What you need to do: Line by line, output everything from the one that contains "慶應義塾大学との試合は今年で" through the end of the material below, exactly as written and with no pictures.

◇ ◇ ◇

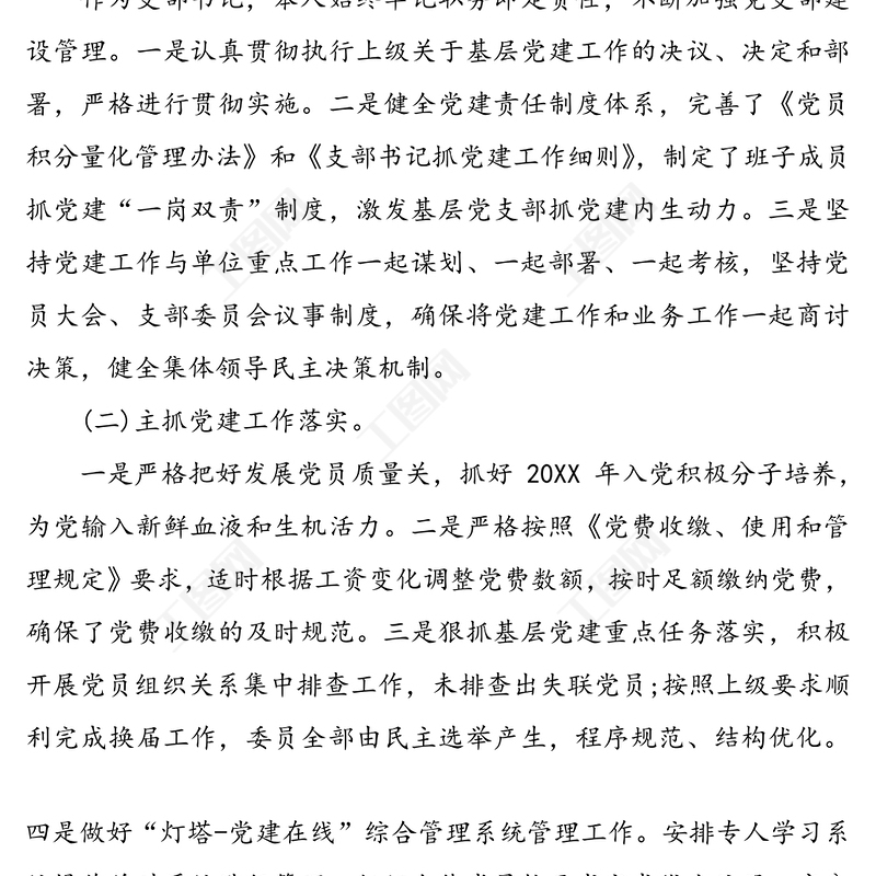 工圖網(wǎng)提供黨支部書記20XX年抓黨建工作述職報告三篇供會員免費下載。更多精彩黨課PPT素材,盡在工圖網(wǎng)。
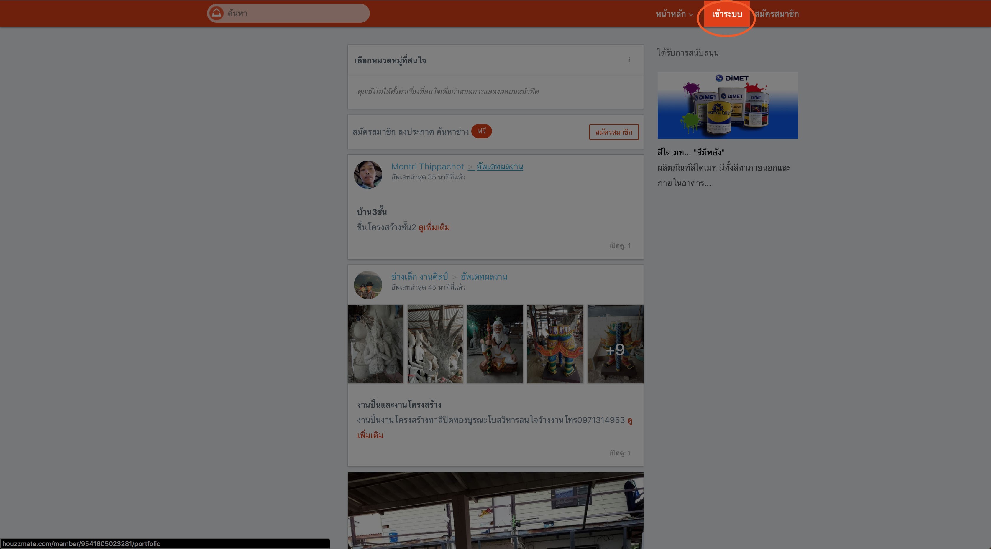 เพียงเท่านี้ท่านก็เข้าสู่ระบบและใช้งานเว็บไซต์ HouzzMate ได้แล้ว
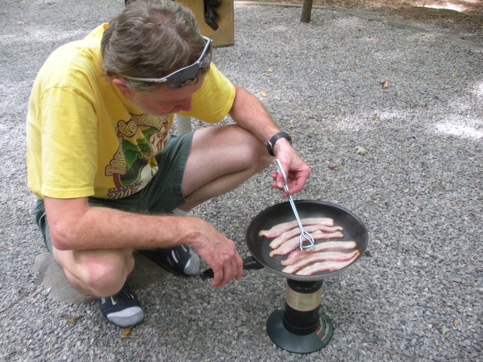 John cooking bacon. We had 3 pieces each but wished we had 6 each. Oh so good, oh so bad for us!
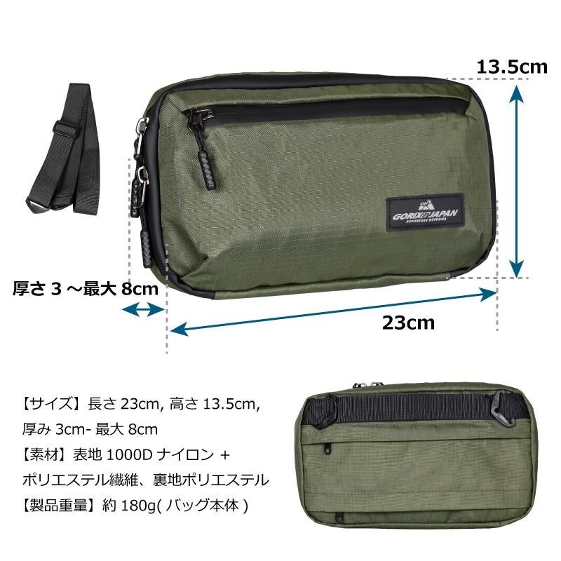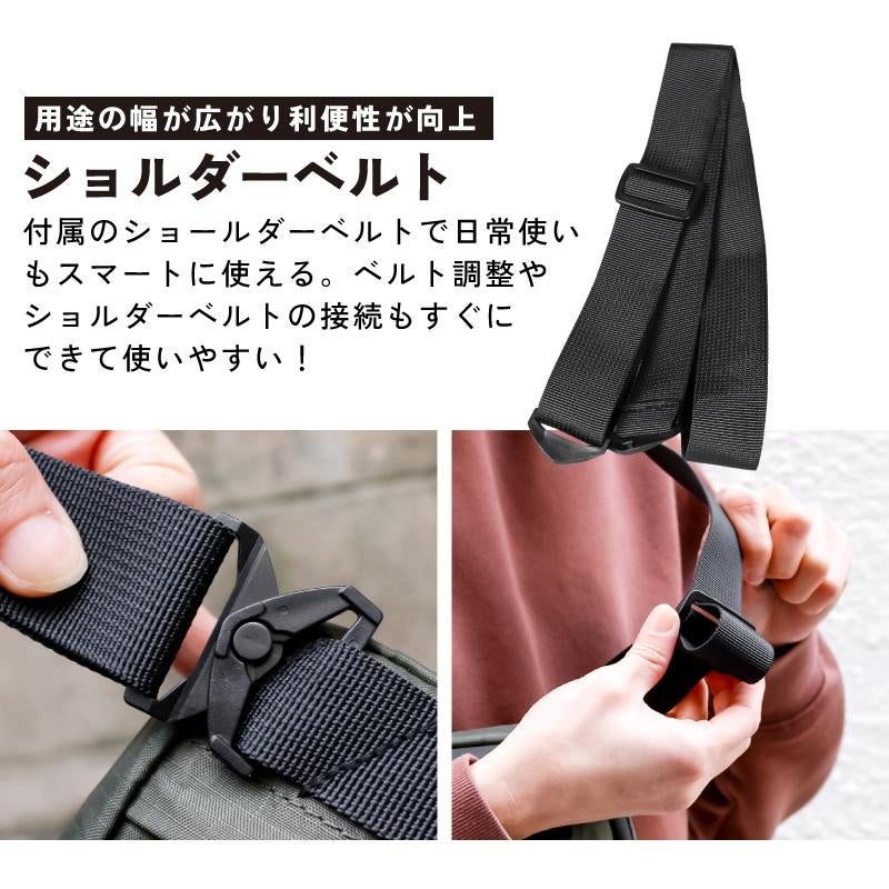 ベルクロベルトによる三点固定、内蔵式ベルクロベルト、撥水性表地・防水ファスナー、ハンドルバッグ&ショルダーポーチの2WAY |
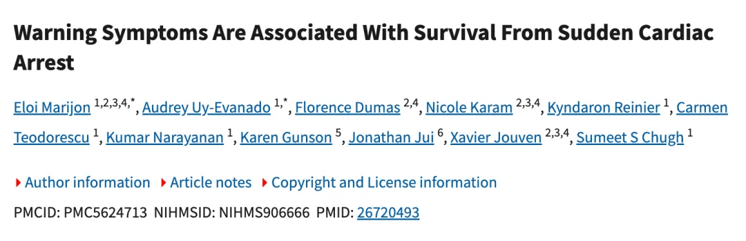 2016《内科学年鉴》刊发的一篇文章,首次大规模证实心脏骤停前存在可识别的预警症状,打破了“猝死毫无征兆”的传统认知。
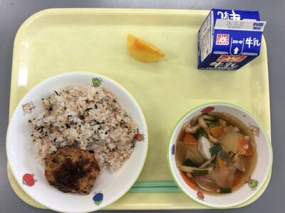 ご飯 エコふりかけ おからハンバーグ さつま汁 りんご 牛乳
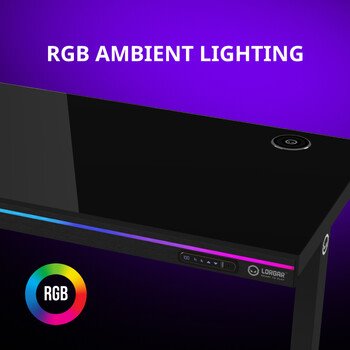 LORGAR stůl s nastavitelnou výškou, bezdrátovou nabíječkou, RGB osvětlením a USB porty, tvrzené sklo, černý
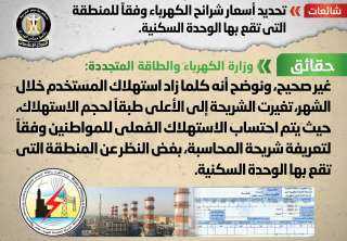 الحكومة تنفى شائعة: تحديد أسعار شرائح الكهرباء وفقاً للمنطقة التي تقع بها الوحدة السكنية
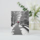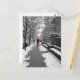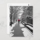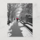 Sob o dossel de um guarda-chuva vermelho, uma mulher anda seu cão em um dia invernal.
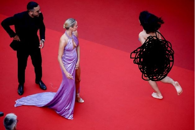 వెనువెంటనే స్పందించిన సెక్యూరిటీ సిబ్బంది ఆమెను బయటకు తీసుకెళ్లిపోయారు. ఒంటి మీద వస్త్రాలు కప్పారు. దీనిపై కేన్స్ అధికారిక బృందం ఇంకా ఎలాంటి స్పందనా తెలియజేయలేదు. కేన్స్ ఫిల్మ్ ఫెస్టివల్ లో ఉక్రెయిన్ కు సంఘీభావంగా ఆ దేశానికి చెందిన సినిమాలనూ ప్రదర్శిస్తున్నారు.
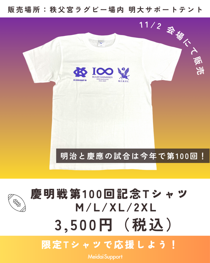 慶應義塾大学との試合は今年で100回目!100回を記念した限定記念Tシャツの販売します!
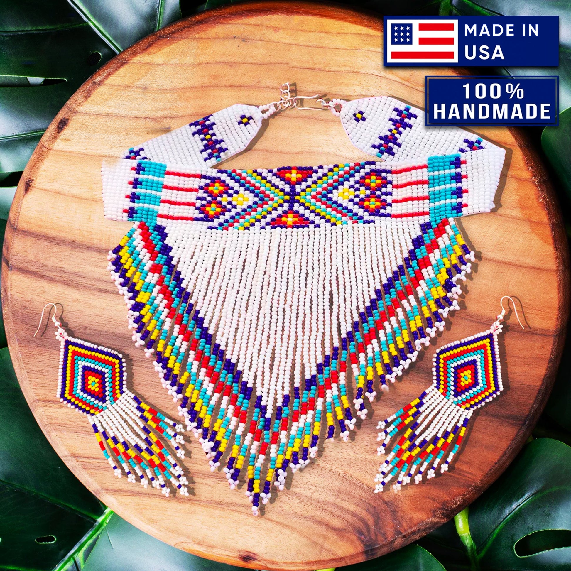 A set of beaded Native American pattern jewelry typically includes a matching pair of earrings and a necklace, both of which feature intricate designs inspired by traditional Native American motifs. The beads used in such sets are often made from beads
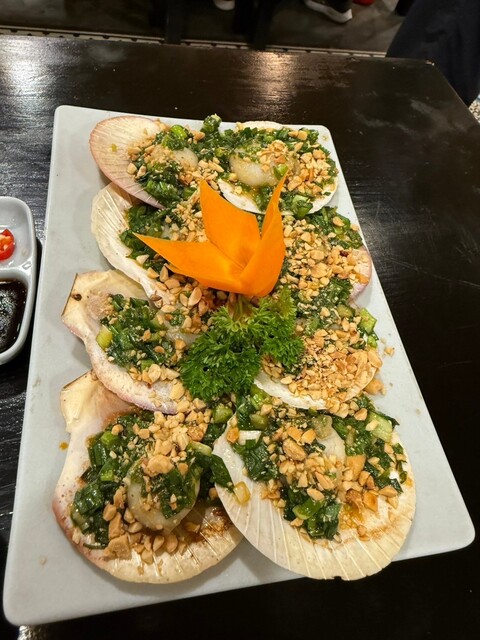 空芯菜、イチヂクのサラダ、海老、カニ、ホタテを注文。
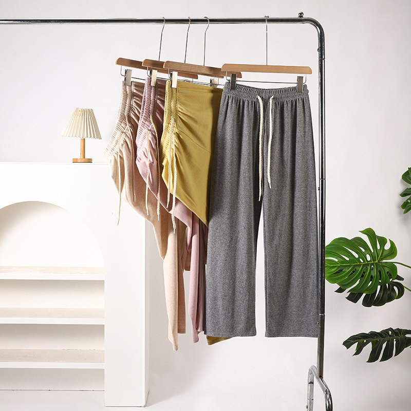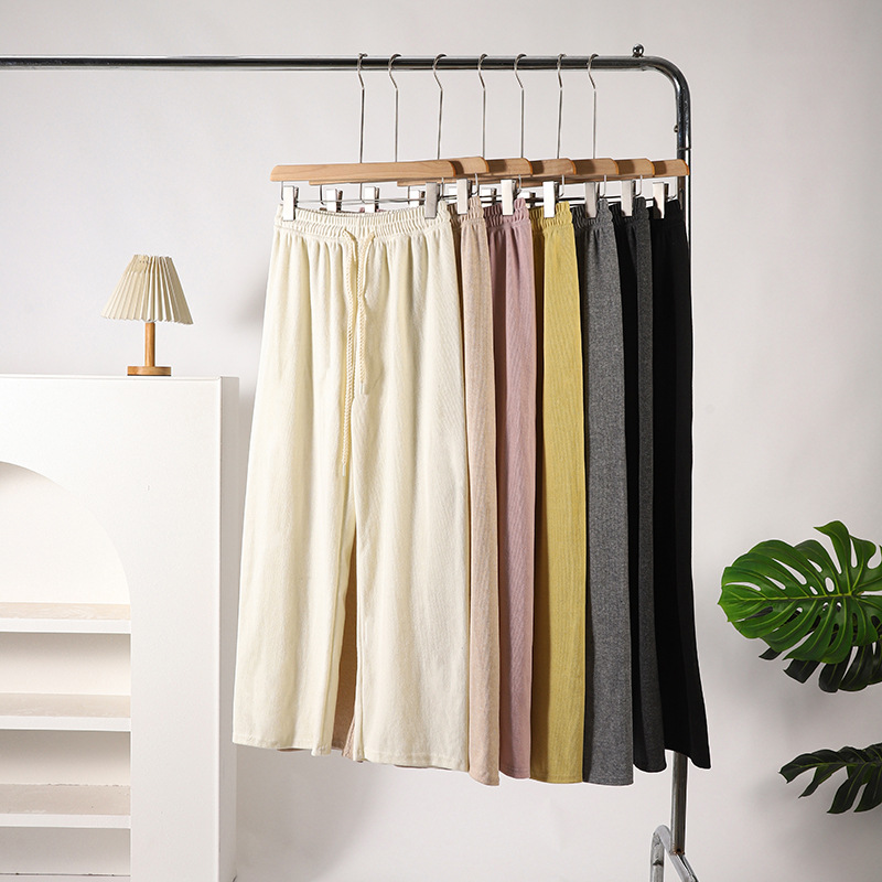 秋冬新作ニット裏起毛もちもちパンツ、ドレープ感のある柔らかなワイドパンツ、レディースハイウエストゆったり細身ロングパンツ

◇ ◇ ◇

Result for this exercise:
 慶應義塾大学との試合は今年で100回目!100回を記念した限定記念Tシャツの販売します!
 A set of beaded Native American pattern jewelry typically includes a matching pair of earrings and a necklace, both of which feature intricate designs inspired by traditional Native American motifs. The beads used in such sets are often made from beads
 空芯菜、イチヂクのサラダ、海老、カニ、ホタテを注文。
 秋冬新作ニット裏起毛もちもちパンツ、ドレープ感のある柔らかなワイドパンツ、レディースハイウエストゆったり細身ロングパンツ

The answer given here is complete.